The PPP immediately killed those proposals. Mr Hoyte and Mr Greenidge left office with an energy plan that the IDB was prepared to finance to the extent of US$80 million. The PPP leadership rejected the offer on the ideological grounds that it included a private sector generating operation.

Recently the IDB made finance available for a road to Timehri that will parallel the East Bank road. So far, President Jagdeo has not drawn on the funds.

The parallel road was first conceived by Mr Burnham and was part of the Guyana 21 programme of projects. The rejection of a Burnham idea is a standard reflex response of the PPP.

In the meantime, the government has struggled along with what is, in effect, an ethnic development strategy.

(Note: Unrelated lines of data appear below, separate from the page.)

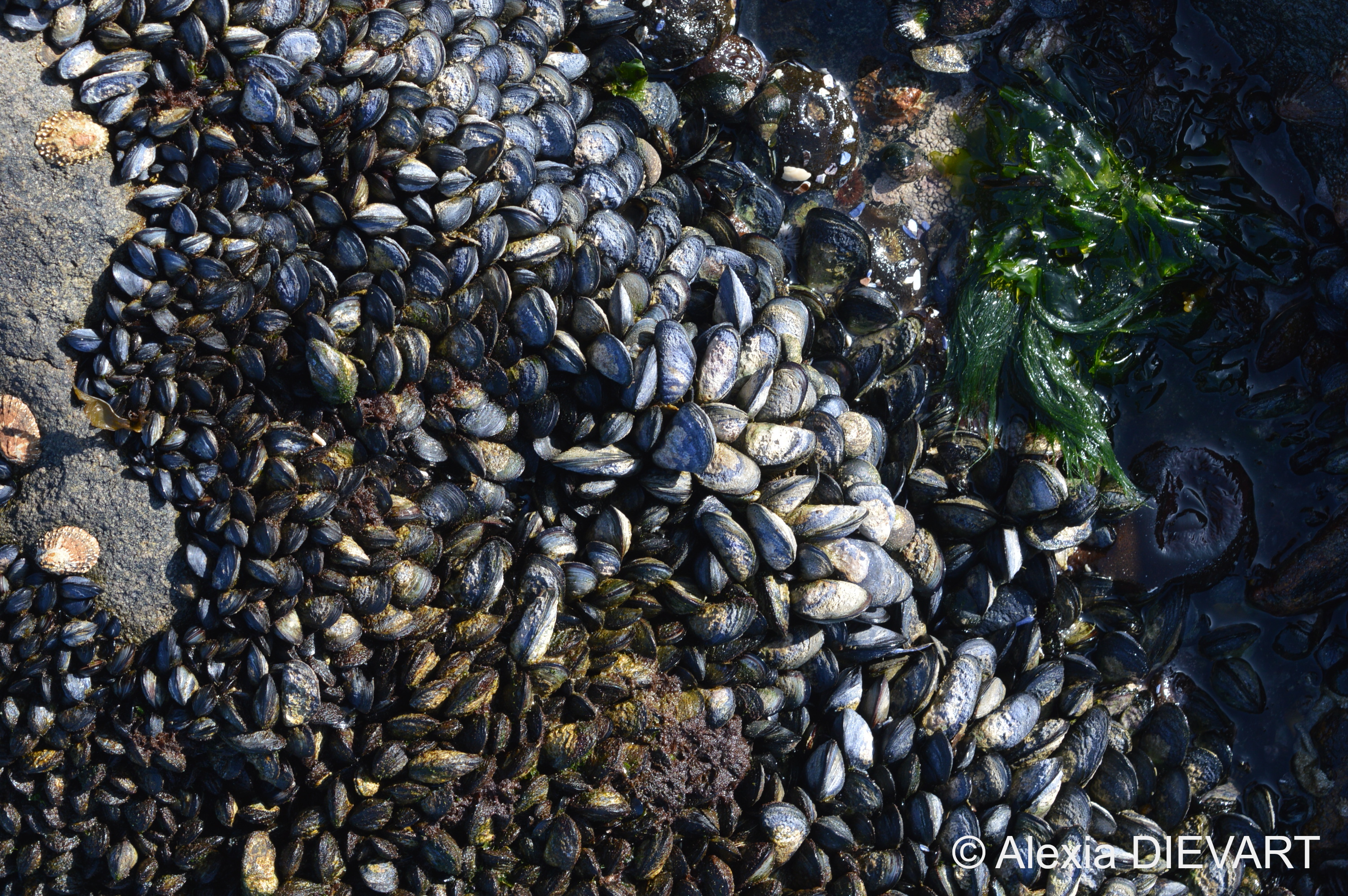 Thought to be a recent introduction from Europe, around the 1970s, but now the dominant intertidal mussel throughout the West Coast, often forming a dense band in the low intertidal. Rare below water. The flesh of females is orange and of male is off-white. A fast-growing mussel raised commercially.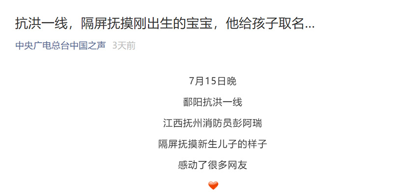 總臺中國之聲微信公眾號報道:抗洪一線,隔屏撫摸剛出生的寶寶,他給孩子取名…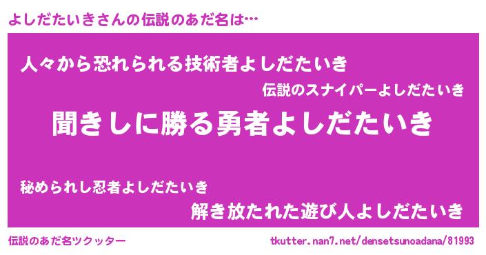 | 意味不明あだ名 | 『永久保存よしだたいき』 |

The cricket stadium, the resurfacing and the lighting of the country roads, the airport improvement, the traffic lights, the Skeldon project, the Berbice River bridge, the accommodation of narcotic drug financed projects, the cosseting of money launderers, the under taxation of the East Indian business class-these efforts bias development away from western finance to a mixture of Indian and drug finance.

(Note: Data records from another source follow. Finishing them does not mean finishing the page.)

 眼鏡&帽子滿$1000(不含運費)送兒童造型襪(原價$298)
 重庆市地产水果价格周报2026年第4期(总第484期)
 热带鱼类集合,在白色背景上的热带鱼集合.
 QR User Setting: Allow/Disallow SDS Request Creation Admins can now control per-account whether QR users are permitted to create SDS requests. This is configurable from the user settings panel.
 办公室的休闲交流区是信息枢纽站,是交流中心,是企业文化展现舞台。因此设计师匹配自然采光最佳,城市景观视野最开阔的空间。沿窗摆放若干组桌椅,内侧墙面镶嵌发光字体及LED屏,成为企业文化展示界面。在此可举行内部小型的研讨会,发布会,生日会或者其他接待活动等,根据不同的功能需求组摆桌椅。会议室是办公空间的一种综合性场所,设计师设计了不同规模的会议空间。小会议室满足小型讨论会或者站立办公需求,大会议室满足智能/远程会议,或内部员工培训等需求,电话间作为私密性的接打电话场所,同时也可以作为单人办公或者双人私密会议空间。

The effect of this PPP development approach is to keep the country in the plantocracy type rivalry between East Indians and Africans with the consequent concepts of either East Indian rule or African rule. Mr Ogunseye must be understood in that context.

When seen in these terms, even shared governance amounts to the most enlightened solution to the racial rivalry bequeathed to us by a plantocracy that used racial rivalry to prop up an ailing sugar industry. Consociational models are only relevant if perceived in terms of the plantation on which we still largely live.

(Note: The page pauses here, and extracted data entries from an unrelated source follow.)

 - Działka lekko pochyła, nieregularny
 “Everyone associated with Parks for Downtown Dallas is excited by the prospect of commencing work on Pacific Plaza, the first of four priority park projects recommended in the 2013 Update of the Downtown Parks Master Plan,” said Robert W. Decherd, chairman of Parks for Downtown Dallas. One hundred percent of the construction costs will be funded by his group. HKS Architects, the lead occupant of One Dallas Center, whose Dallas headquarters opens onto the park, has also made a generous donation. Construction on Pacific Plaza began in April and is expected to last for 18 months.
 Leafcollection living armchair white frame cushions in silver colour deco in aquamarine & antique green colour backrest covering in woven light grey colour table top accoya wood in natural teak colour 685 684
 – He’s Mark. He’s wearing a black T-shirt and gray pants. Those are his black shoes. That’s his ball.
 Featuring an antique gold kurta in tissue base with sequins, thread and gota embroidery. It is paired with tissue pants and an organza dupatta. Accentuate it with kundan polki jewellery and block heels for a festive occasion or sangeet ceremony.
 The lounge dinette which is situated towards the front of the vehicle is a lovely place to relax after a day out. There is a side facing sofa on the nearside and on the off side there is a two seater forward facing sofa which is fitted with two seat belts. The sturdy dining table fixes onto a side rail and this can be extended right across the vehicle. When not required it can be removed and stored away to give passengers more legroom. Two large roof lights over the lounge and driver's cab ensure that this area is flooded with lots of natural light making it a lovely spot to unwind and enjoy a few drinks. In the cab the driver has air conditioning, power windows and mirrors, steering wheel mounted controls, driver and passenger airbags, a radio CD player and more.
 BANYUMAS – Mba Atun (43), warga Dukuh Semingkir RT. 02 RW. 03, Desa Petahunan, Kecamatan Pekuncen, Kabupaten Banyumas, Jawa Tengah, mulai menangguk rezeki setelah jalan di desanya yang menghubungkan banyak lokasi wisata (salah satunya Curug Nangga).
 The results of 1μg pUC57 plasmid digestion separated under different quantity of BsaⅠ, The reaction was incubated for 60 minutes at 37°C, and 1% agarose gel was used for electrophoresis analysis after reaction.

Mr Skinner is a victim of the plantation. He is confused, thinking at one level that all East Indians have the same interest as the leaders of the bloc, and, at another level, that the PNC and the AFC can break into the bloc.

In respect of the second level, he does not specify how to break into the bloc.

Breaking into the East Indian bloc is more difficult than breaking into the African bloc because of the greater cultural cohesion of the East Indian group.

A division in the East Indian ranks will come about when East Indian workers and East Indian peasants are led to challenge the hegemony of the East Indian elite. If that challenge is seen as coming primarily from Africans, the cultural cohesiveness of the East Indians will lead to their closing ranks very quickly.

They closed ranks against Mr Ravi Dev, Mr Sharma and Mr Ramjattan and will do so more quickly if the challenge comes from Mr Corbin.

East Indian trade union leaders may have the best chance. They should see the commonality of workers’ interests and resist the emerging class society led by the PPP, the East Indian business class, the Colombians and the Brazilians.

Does Mr Skinner think that African intellectuals can break control by the criminal elite by thinking out of the box?

It is Mr Komal Chand and his colleagues in GAWU who must ask themselves whether they are satisfied with the fate of cane cutters who are consigned to eternal servitude.

Somewhat less than half of the cane that will supply the Skeldon factory will come from cane cutters. Why? Cane cutters are migrating to Suriname.

They are likely to remain in Guyana if they are cane farmers. GAWU should recognise that the FITUG fracturing of the trade union movement amounts to the strengthening of a PPP dictatorship that will be supported by Colombians and Brazilians and that will exert tyrannical control over the lower classes of all races.

In the meantime, Africans should consolidate their ranks to resist oppression. They have formulated development strategies in the past, which have been, for the most part, rejected.